#### Exercise objective:
Start at the line with "سلام وقتتون بخیر" and print every line through the end of the material below. Keep it exact and free of pictures.

#### Source material:
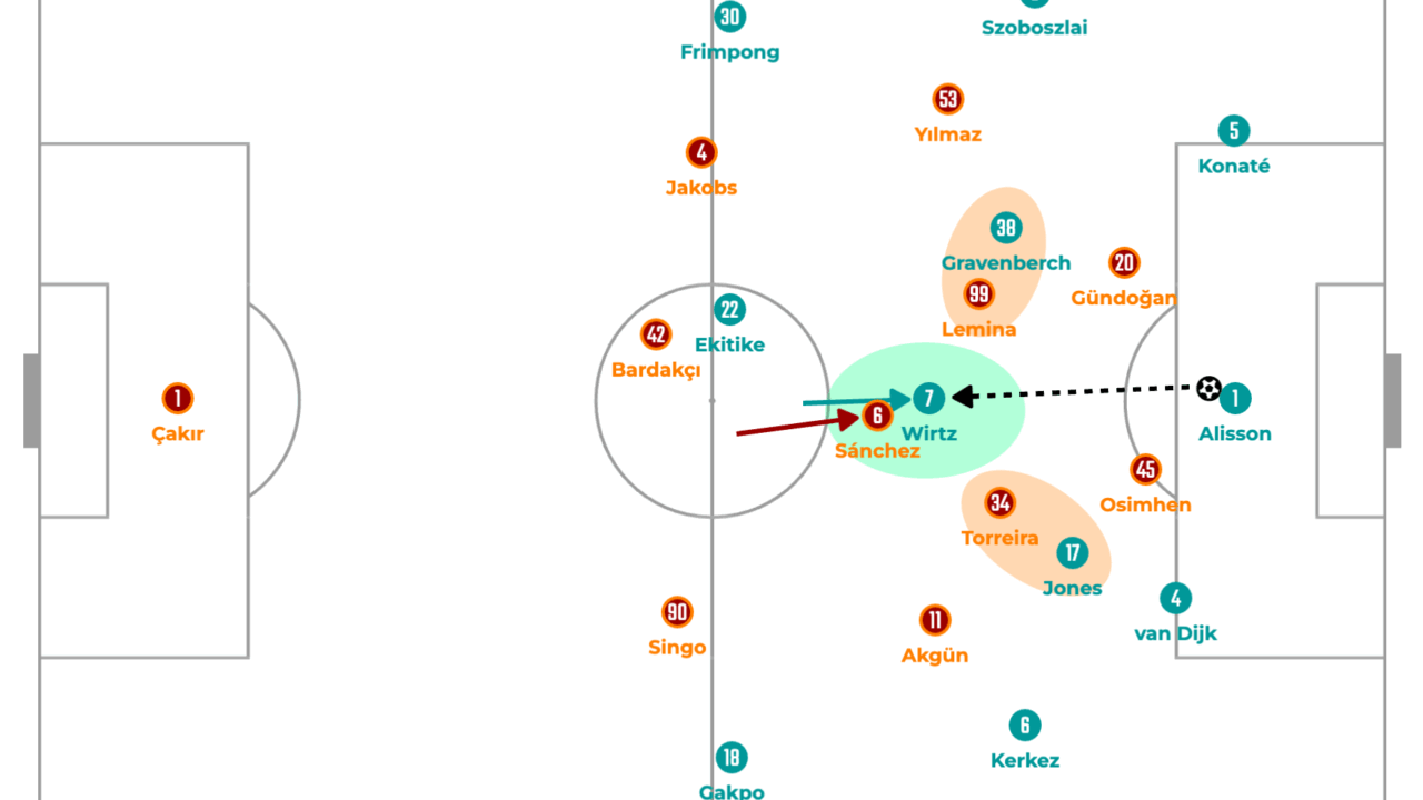As both Galatasaray’s defensive midfielders were close to Gravenberch and Jones, there was a pocket of space between them, where Wirtz tried to receive the ball. This time, however, Sánchez followed him to make it difficult for Wirtz to play comfortably.
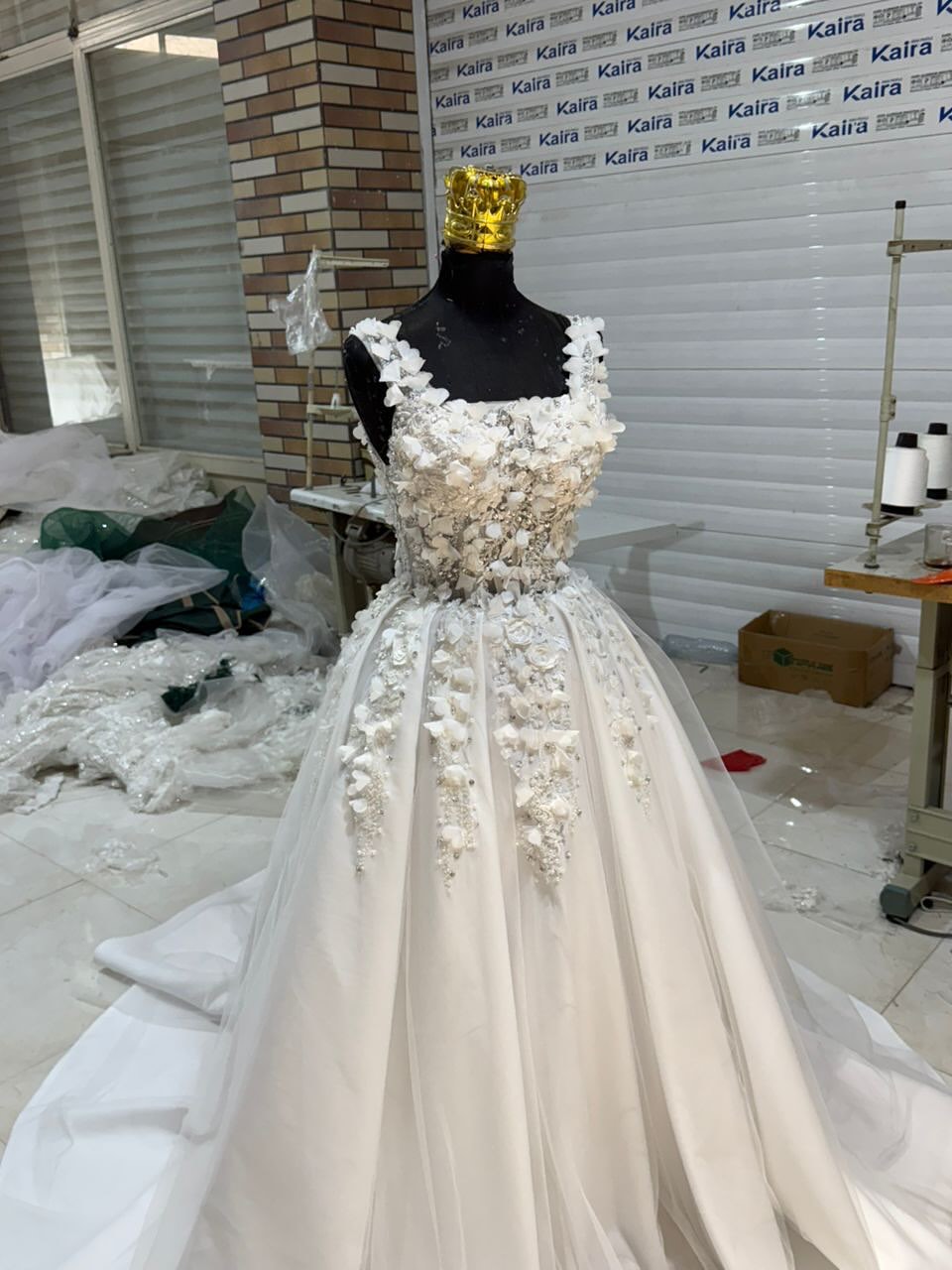 سلام وقتتون بخیر این لباس زیبا با پارچه ساتن امریکایی هست تزیینات دانتل طرح گل و تزیینات شکوفه و سنگ در دامن و بالاتنه باعث جذابیت بیشترش شده قابل اجرا در انواع رنگ و سایز و تعداد فری سایز پشت بندی ثبت از طریق و واتساپ و سایت Lebasaroos.ir
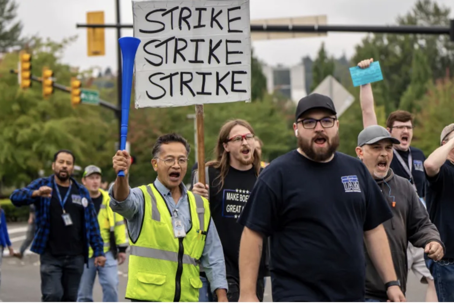 Από τις απεργιακές κινητοποιήσεις εργαζομένων στην εταιρεία Μπόϊνγκ τον περασμένο Σεπτέμβρη που έδειξαν – όπως οι απεργίες λιμενεργατών και αυτοκινητοβιομηχανίας – τη δύναμη της αμερικανικής εργατικής τάξης. Παρά τις υποχωρήσεις της ηγεσίας του σωματείου τους η απεργία κέρδισε 25% αυξήσεις στην περίοδο 2025-2028. (φωτο συνδικάτο IAM)
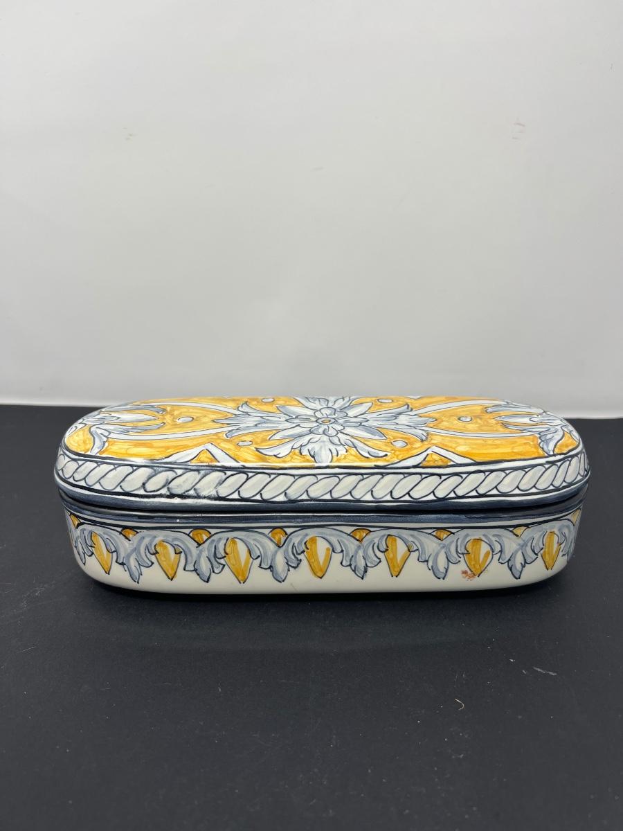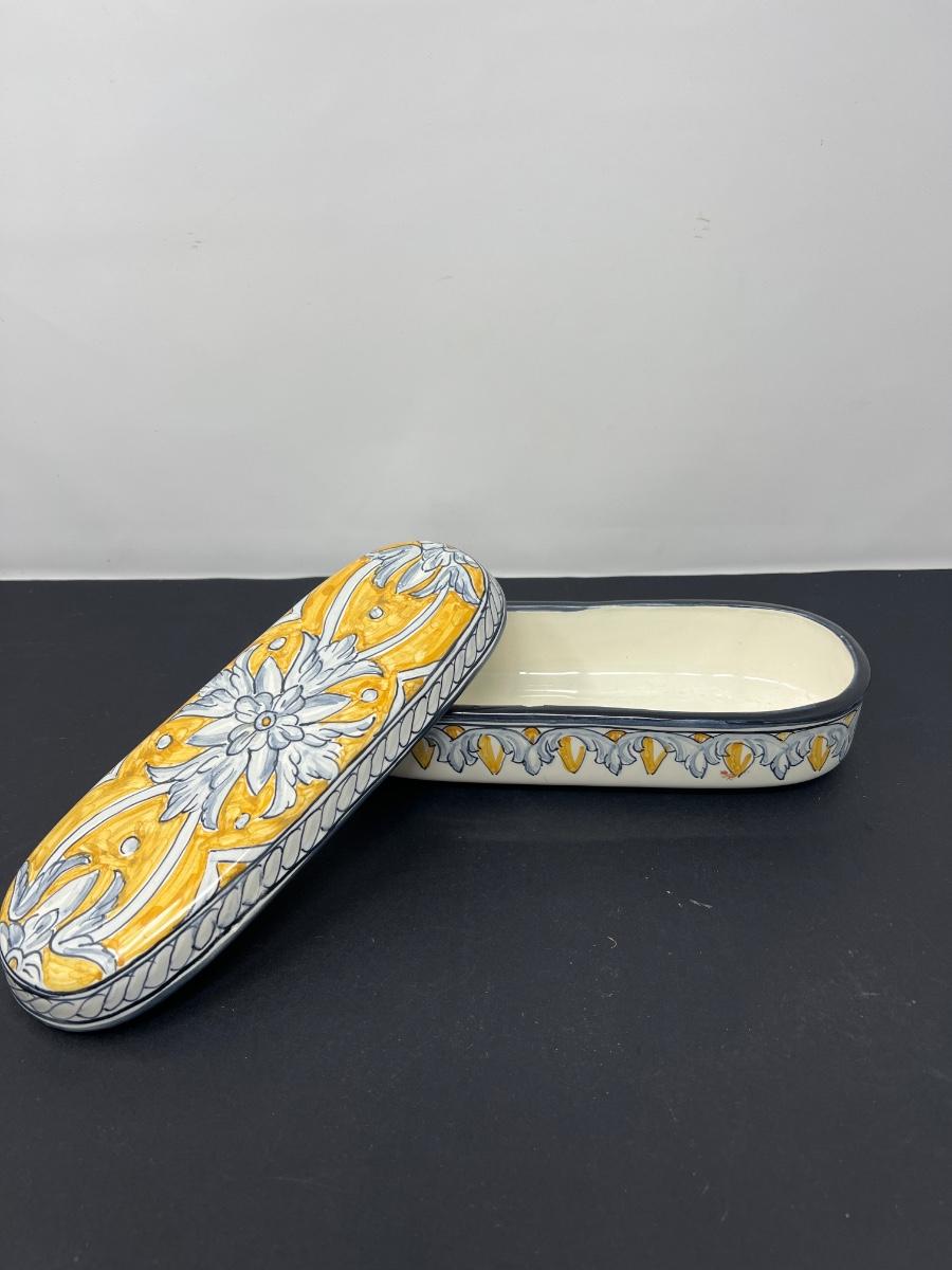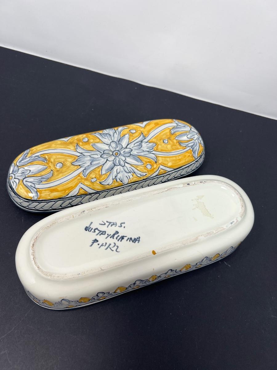 Blue & Yellow lidded pottery trinket/glasses container signed "STAS. Justay Rufina P.ari" measures 9” long x 3” wide x 2.75” tall.

#### Solution for this problem:
 سلام وقتتون بخیر این لباس زیبا با پارچه ساتن امریکایی هست تزیینات دانتل طرح گل و تزیینات شکوفه و سنگ در دامن و بالاتنه باعث جذابیت بیشترش شده قابل اجرا در انواع رنگ و سایز و تعداد فری سایز پشت بندی ثبت از طریق و واتساپ و سایت Lebasaroos.ir
 Από τις απεργιακές κινητοποιήσεις εργαζομένων στην εταιρεία Μπόϊνγκ τον περασμένο Σεπτέμβρη που έδειξαν – όπως οι απεργίες λιμενεργατών και αυτοκινητοβιομηχανίας – τη δύναμη της αμερικανικής εργατικής τάξης. Παρά τις υποχωρήσεις της ηγεσίας του σωματείου τους η απεργία κέρδισε 25% αυξήσεις στην περίοδο 2025-2028. (φωτο συνδικάτο IAM)
 Blue & Yellow lidded pottery trinket/glasses container signed "STAS. Justay Rufina P.ari" measures 9” long x 3” wide x 2.75” tall.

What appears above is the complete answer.